Как замечал Владимир Стасов, Надежда Петровна имела на Мусоргского «особенно благодетельное влияние и при всей дружбе не щадила его недостатков…». Он же доверялся ей беспредельно, посвящал в свои замыслы и планы и очень дорожил правдивостью ее суждений – весьма взыскательных, а порой и очень суровых.
Опочининой посвящен романс Мусоргского на стихи Гейне «Расстались гордо мы» («Но если бы с тобою я встретиться могла…»). Для нее Мусоргский написал романсы «Ночь» – фантазию для голоса на переделанный им текст Пушкина «Мой голос для тебя и ласковый и томный» и «Желание» на стихи Гейне.
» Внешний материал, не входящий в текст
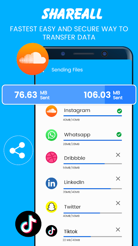 فاسٹ شیئرنگ ایپ میں خوش آمدید۔ انٹرنیٹ کے بغیر آف لائن رہتے ہوئے فائلز، موویز، ویڈیوز، ایپس، تصاویر دوسرے اینڈرائیڈ فونز کے ساتھ شیئر کریں۔ ہماری استعمال میں آسان ٹرانسفر فائل اور شیئرنگ ایپ کے ذریعے کہیں بھی بھیجیں اور سیکنڈوں میں ہر قسم کی فائلیں وصول کریں۔ تیز فائل شیئرنگ اور زیادہ سے زیادہ رفتار سے لامحدود بھیجنا۔ شیئر صارفین کو ایک ساتھ متعدد فائلیں بھیجنے کی اجازت دیتا ہے۔ WIFI اور 4G/5G ڈیٹا کے استعمال کے بغیر کسی بھی قسم کی فائل کو ایک ڈیوائس سے دوسرے ڈیوائس میں منتقل کریں۔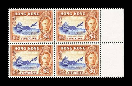 1395 nhbl 168-73 image#168-73, 1941 2c-$1.00 King George VI Pictorials cplt. in margin blocks of four, well centered, o.g., n.h., fresh and very fine (S.G. #163-68; £280+). (Image) $380.00+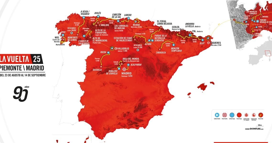 - For the first time, La Vuelta will kick off in Italy, precisely in the Piedmont region, and will also hold stages in France and Andorra, making a total of four countries visited.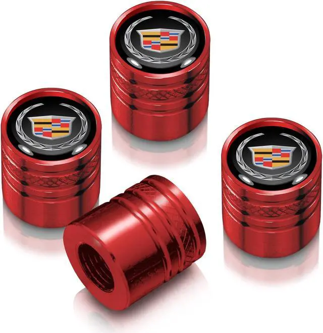 Cadillac Logo in Black on Red Aluminum Cylinder-Style Tire Valve Stem Caps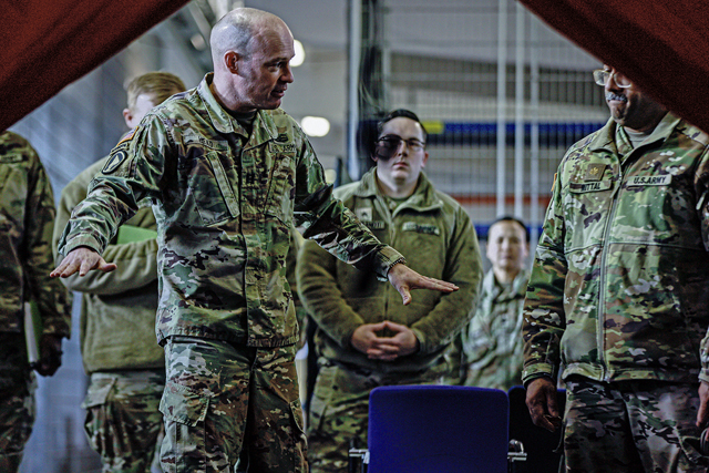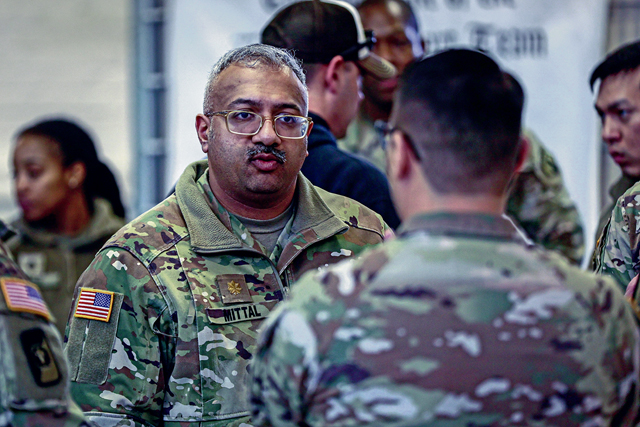 U.S. Army Maj. Sumit Mittal, family medicine physician, 30th Medical Brigade, discusses the class with other Soldiers from the 773rd Civil Support Team and 512th Field Hospital about the decontamination training on Panzer Kaserne, Kaiserslautern, Germany, on Jan. 22, 2025. The class was held to develop and improve proficiency in responding to a chemical agent and manage or mitigate medical consequences. (U.S. Army photo by Spc. Samuel Signor)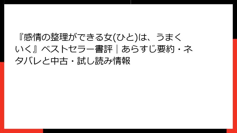 『感情の整理ができる女(ひと)は、うまくいく』ベストセラー書評|あらすじ要約・ネタバレと中古・試し読み情報

Ей посвящены музыкальный памфлет «Классик» и переложения для фортепиано бетховенских струнных квартетов.
Как отмечала Александра Орлова, на рукописи романса «Желание» («Хотел бы в единое слово…») сохранилось неразгаданное посвящение: «Посвящение Над. Петровне Опочининой (в память ее суда надо мной)».
Певица Мария Васильевна Шиловская, одна из самых красивых и одаренных женщин своего времени, обладательница чудесного сопрано, тоже была очень намного старше Мусоргского. И хотя она вводила всех в заблуждение, убавляла себе годы, композитор всегда оставался для нее мальчиком…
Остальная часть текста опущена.